I’ve learned a few things about that demon, in the process of writing this book. Chief among those things is fact that just about everyone who has ever dared anything has had to face that demon. What seems a solitary fight is in fact a universal one, and this is not a fact the enemy would like shared.

It would much prefer we remain afraid and question nothing.

Funny thing about fear, it can be used against the enemy. All you have to do is follow it back to your foe and you’ll know where to fight, whom to confront.

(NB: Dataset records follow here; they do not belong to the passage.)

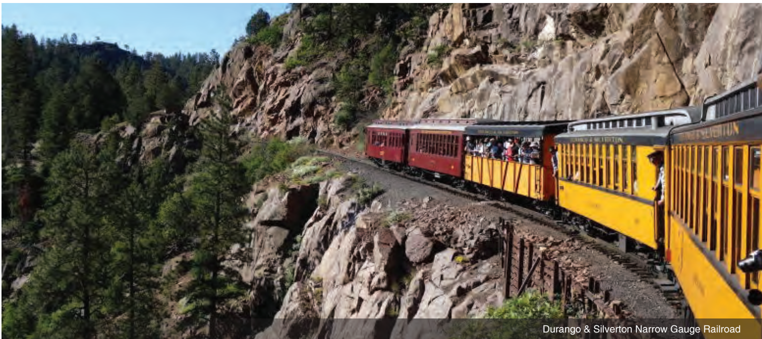
Durango & Silverton Narrow Gauge Railroad

DAY 6 Cumbres & Toltec Scenic Railroad: Your day begins as you board the motorcoach and ride to the Cumbres & Toltec Scenic Railroad, the original Rio Grande Line. This is America's most spectacular narrow gauge steam railroad. Explore 50 miles of wild and rugged territory between Chama, New Mexico and Antonito, Colorado, the highest point on the railroad. Meals: B, L
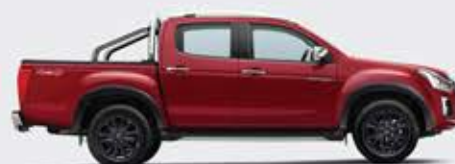
Red Spinel Mica
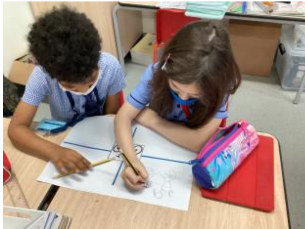
1 - Y3B
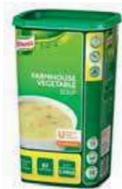
Knorr Farmhouse Vegetable Soup Weight/Quantity: 14ltr Case: 14ltr X 3pce Code: 70327
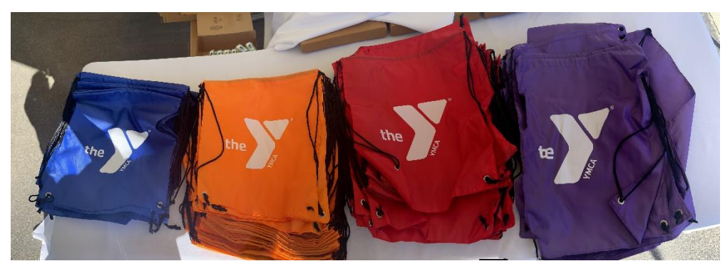
Y branded Vinyl Draw String Backpacks gifted by Gieger.

YMCA of Long Island Team and Volunteer Team pose with the packed backpacks.

So in that spirit for the few dozen that may see it, here is

The weight of dreams

If I had the power to grant your dreams
I would scoop aside a piece of garden,
A waterfall with singing reeds,
And place a chair and birds for company,
For you to live for an eternity,
In solitude and unruffled peace.

If I had the power to bring you solace,
I would wisk you far away from those that promise,
Tonight it won’t hurt.
I’d build a castle with ramparts strong,
And foundations fair to hold your truths unassailed,
Knights to slay that terrible dragon.

If it were within my grasp to give you,
Love’s weight in gold and comments,
Eyes to recognize your struggles,
Applause for all those secret moments,
A family of devotees that sing,
Your name and deeds If I could bring,

That one back who understood you so,
Revive with music regret’s foe,
Take you back in time to laughter,
Your past and present forever after
One and the same till all became
That perfect day with her again,

If I could grant you some few words,
For the world to pause and your heart be heard,
The fighting to stop the blood contained,
A chance for all to stop and change,
And listen to truths that you have seen,
For all these fools to have never been,

If I could give you the bullets you need,
To drown the evil and end the seeds,
Of weakness and pathetic misery,
Allow you to judge, execute and oversee,
These silly fools born of mediocrity,
Would I grant these prayers for you,
or for me?

If I could surround you with ones dear,
Drown you in sounds instead of tears,
If I could allow you to destroy those near,
That are not who you are nor will ever fear,
The apocalypse slouching so near,

You power hungry fools that never see,

You world burning madmen whose dreams rest,
On pillars on pain for all that fail your test,
The world would collapse under all our dreams,
That war between words, behind eyes, silently,
That wake us to our need to be devotees,
To impose our wills upon all that disagree,
In spite of those that once spoke for Liberty,

‘Tis a word oft spoke rarely understood,
‘Tis a world much salted by spilling of blood,
Till it’s heard softly woken in the tears that should,
Give pause to those who swing their clubs,
Determined to sculpt us all like the mud,
They use to mold their perfect earth.
If I had the power of all your fictions,
If I was your God of violent conviction,
If this lone man was immortal too,
To rip, rend, and tear so many hearts if you,
Prayed to me and demanded solace,
If you frothed for fervourous murderous promises,
If you sacrificed all that was yours and another’s,

I would still rather die than take on the cover,
Of a white beard, a turban, many hands, some weapons,
To conceal your tiny fears and cries for eden
To obscure your eyes from the desert we live in,
To deny another’s attempt to never deaden,
Their dreams in spite of all your lessons,
I would rather stand tall than kneel before heaven,
And evaporate into nothing and embrace oblivion,
For my words to ring however short and silent,
That I am proud to be merely human.

And my brothers are those whose fears bravely glisten,
And my sisters are the ones who stand alone within,
Those sensitive enough to embrace quiet wisdom,
Sagacious and bold to display honest ignorance,
And one day we will rise, we few, hatred’s children,
To hold the line from you priests, you mad politicians,
Be you president or king, lawyer or banker,
Be you teacher or mother or soldier or manager,
You cannot stop the sane few that strive on still,
To dream despite how many you imprison, crush or kill,
We are the future, we are the best of the heathens,
Who carry your heaven inside our eyes and actions,
Though we are isolated, outnumbered, enemies of the destined,
We that walk in darkness, to serve the light,

We are legion.

And if I were your God I would weep for my children.